Quei poveri cristi travolti in casa dall’acqua del fiume in Sicilia o quella povera mamma morta affogata insieme ai suoi due figli piccoli appena un mese fa in Calabria, forse meritano qualcosa di più di inutili e vuote parole. Come quelle pronunciate dal vicepremier Matteo Salvini che, come abbiamo ricordato, spara a zero contro l’”ambientalismo da salotto” per il quale, sostiene, “non si tocca l’alberello e non si draga il torrentello e poi l’alberello e il torrentello ti presentano il conto”. Dimenticando, e tentando di far dimenticare agli italiani, che con il suo determinante contributo è stato appena approvato un condono edilizio che riguarda Ischia, inserito inopinatamente in un decreto sul crollo del viadotto di Genova. E lui è lo stesso Salvini che militava in un partito che, ai tempi dei governi Berlusconi,  approvò senza fiatare altri e ben più pesanti condoni, sia nel 1994 che nel 2003. Erano i tempi del “padroni a casa nostra” e l’invito agli italiani era a fare quel che si voleva anche in campo edilizio. Non possiamo non ricordare che proprio la villetta di Casteldaccia travolta dall’acqua era abusiva. E non possiamo non ricordare che durante la campagna elettorale per le regionali siciliane del 2017 il Movimento 5 Stelle (oggi alleato di governo della Lega) fece una battaglia in difesa dell'”abusivismo di necessità”. E quindi certe amnesie salviniane sono inammissibili: in questi casi il tentativo di “rifarsi nuovo”, com’è abitudine del nostro onnipresente ministro dell’Interno, risulta abbastanza miserevole.

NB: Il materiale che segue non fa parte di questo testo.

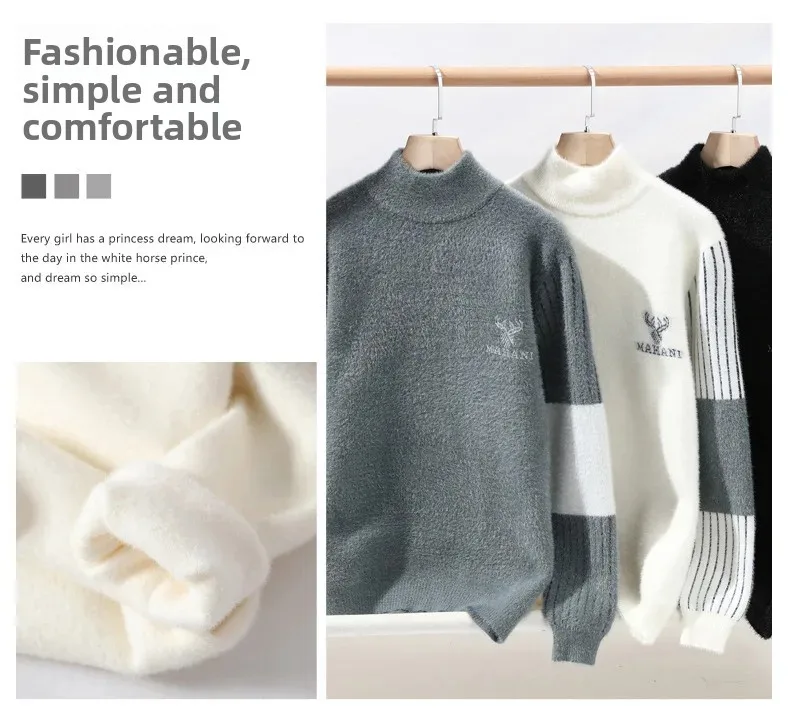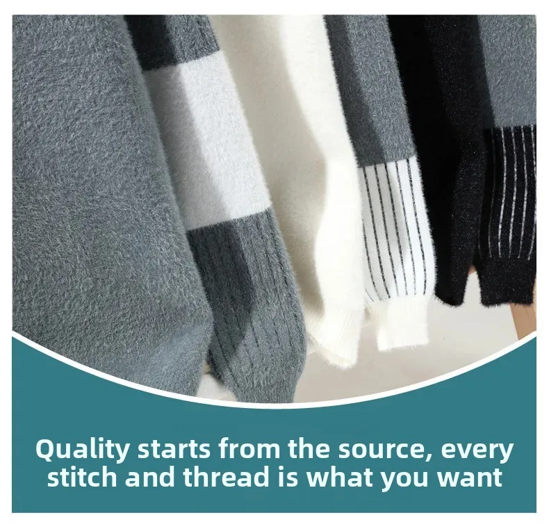 • Thickened Warm Base : Crafted with mink velvet, this sweater offers a thickened warm base, perfect for autumn and winter wear.

L’idea di un piano strategico per la messa in sicurezza dell’Italia (dal territorio alle case alle scuole) dovrebbe essere la bandiera per un rilancio di una sinistra di governo e della sua missione strategica di cambiamento. Per un progetto così certo che varrebbe la pena spezzare i vincoli europei nel rapporto tra il deficit e il Pil a favore di una battaglia di modernità e di sicurezza del nostro Paese: provate a immaginare quante centinaia di migliaia di posti di lavoro si potrebbero creare con un piano di investimenti di questo tipo. Posti veri, reali, produttivi. Utili a se stessi e al Paese.

L’Italia sta crollando e non c’è più tempo da perdere. Quella ambientale è la vera grande emergenza del nostro Paese. Se non vogliamo che le nostre città affondino nel fango e i nostri paesi vengano travolti dalle frane e dalle alluvioni, se non vogliamo continuare ad assistere impotenti a una tragedia dopo l’altra, dobbiamo muoverci subito. Bisogna fare presto. Bisogna avere finalmente il coraggio di sconfiggere la sindrome elettoralistica che spinge i partiti di governo (ma anche quelli di opposizione) ad avere pensieri brevi. E invece bisogna avere pensieri lunghi. Soprattutto bisognerebbe avere pensieri fissi sul bene comune. Questa sarebbe la vera rivoluzione da fare.